*YOUR GOAL*
For the material below, set down exactly the lines between the one containing "随着各组选手按作品大类依次进" and the last line, both included, leaving every picture out.

*SUPPLIED DATA*

= = = = =

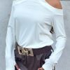 חולצה מבד ריב פסים בגזרה מיוחדת עם כפיים חשופות.
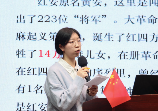 随着各组选手按作品大类依次进行展示及现场答辩,比赛进入高潮。选手们结合主题,以独特的视角,为在场师生们带来有新意、有思想的优秀作品。其中微视频类作品《无名风骨 红之底色》采用人物访谈式纪录片的风格,从守墓人姜能山出发,用几名无名烈士的故事引出承托红安精神底色的十余万名无名英雄的形象。平面设计类作品《人工智能元宇宙畅想》以推动人工智能教育的普及为目的,设置了卡牌这一低成本载体。从六张总领卡牌的设计到对衍生品的设想均结合人工智能的特点,兼具娱乐性与教育性。现场三位评委们对这些作品进行了专业细致的点评,并就参赛选手作品的进一步优化改进提出了相关指导建议。
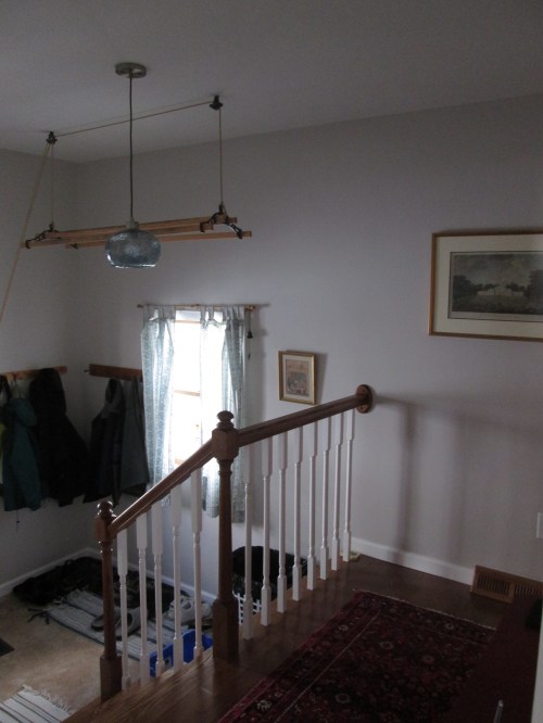 That funky structure hanging from the ceiling is our “Sheila Maid”, a wonderful drying rack that lowers via a cool pulley system. It was indispensable when our children were young, but we still find it useful for items can’t go in the dryer.

= = = = =

*RESULT OF THIS EXERCISE*
 随着各组选手按作品大类依次进行展示及现场答辩,比赛进入高潮。选手们结合主题,以独特的视角,为在场师生们带来有新意、有思想的优秀作品。其中微视频类作品《无名风骨 红之底色》采用人物访谈式纪录片的风格,从守墓人姜能山出发,用几名无名烈士的故事引出承托红安精神底色的十余万名无名英雄的形象。平面设计类作品《人工智能元宇宙畅想》以推动人工智能教育的普及为目的,设置了卡牌这一低成本载体。从六张总领卡牌的设计到对衍生品的设想均结合人工智能的特点,兼具娱乐性与教育性。现场三位评委们对这些作品进行了专业细致的点评,并就参赛选手作品的进一步优化改进提出了相关指导建议。
 That funky structure hanging from the ceiling is our “Sheila Maid”, a wonderful drying rack that lowers via a cool pulley system. It was indispensable when our children were young, but we still find it useful for items can’t go in the dryer.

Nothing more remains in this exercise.